Mary Miller logs a lot of work hours during tax season.
The certified public accountant at Crystal Lake-based Miller Verchota Inc. works between 100 and 110 hours a week for almost three straight months preparing federal and state income tax returns for area residents.
During her more than 12 years as a CPA, she saw someone pay about $500,000 in taxes, while helped another receive more than $19,000.
“We’re crazy people who love what we do,” said Miller, who works alongside her husband at the accounting firm. “The next few weeks are going to be crazy, and people need to be prepared because there isn’t much time left.”
The deadline to file income-tax returns is April 15, and a late start because of the Internal Revenue Service updating its system because of recently approved legislation has residents and tax professionals making a mad dash to the finish.
As the deadline looms, being educated about the filing process could mean the difference between a good or bad experience, area accountants agree. That includes being prepared and well-versed in items residents otherwise might not have known they could claim.
Whether using a tax professional or filing on their own, residents need a plan and should consult a checklist of requirements before beginning the process.
“You need to have everything ready to go,” Miller said. “Time is of the essence.”
Procrastinating any further also could be detrimental to the process.
“People who suspect they are going to owe tend to put it off,” said Mickey Broman, CPA at Broman & Kosar Ltd. in Crystal Lake. “It’s better to know as early as possible because if you do owe, you know how much and know your options.”
A resident’s knowledge of what he or she can claim on a return also can make a huge difference in the final financial outcome.
One item is the education credit, where filers can receive $2,500.
“Most people think that because a tuition statement comes in their child’s name, they are not capable of taking that credit,” Miller said. “That’s only true if you file as a dependent.”
Residents also are eligible for up to $500 through an energy credit if they made energy-efficiency improvements to their homes.
Other important items include charitable contributions and brokerage statements.
In order to claim charitable donations, residents must have a record of that transaction. For donations of more than $250, an acknowledgment from the charity that also must state that no goods or services were provided in exchange for the donation is required.
Brokerage statements for fees residents may have paid to the brokerage house also may be deductible.
“We try to keep all our customers from owing,” Broman said. “The goal is to make the tax liability and payment as close as possible.”
Forgiveness for credit card debt is also available for residents with a 1099-C form. That also includes some short sales and foreclosures.
“Anyone who gets that form, they need to see a tax professional to see if it is taxable income for them,” Broman said.

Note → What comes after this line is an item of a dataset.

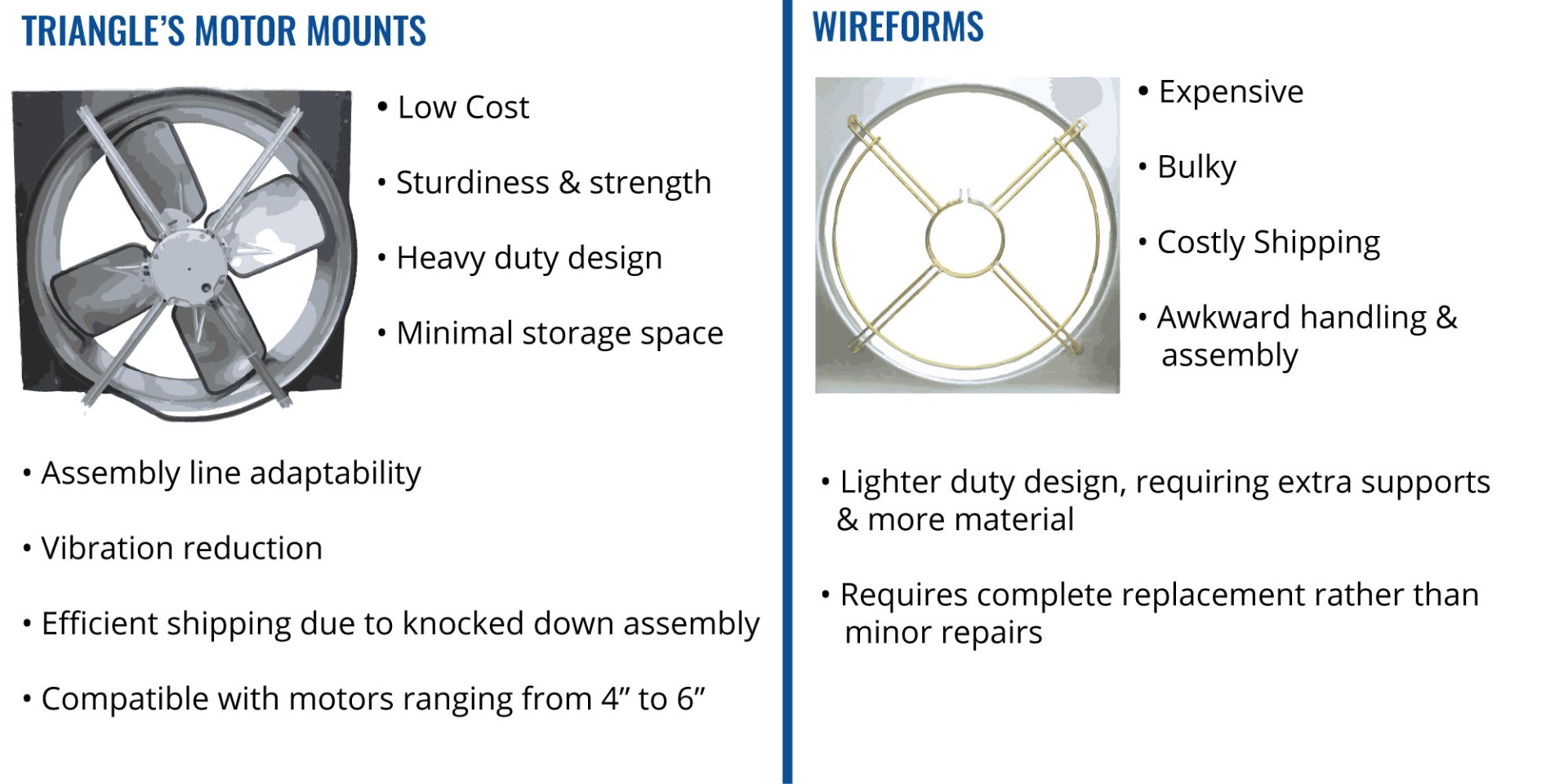 Triangle Manufacturing's belly band motor mount brackets are used in residential furnaces and commercial air handlers. Below you will see the benefits of switching from a wirefrom to one of Triangle's motor mount assemblies.

Residents earning less than $57,000 a year who don’t need a tax professional to file their taxes can do so for free through the IRS website. Those who feel they need more time also can get a six-month extension, and state returns can be filed at www.tax.illinois.gov.
More and more residents also are filing their own taxes with advancements in online taxing capabilities through companies such as TurboTax and H&R Block, Miller said.
McHenry County College also offers the free Volunteer Income Tax Assistance Clinic for qualified residents earning less than $50,000 a year.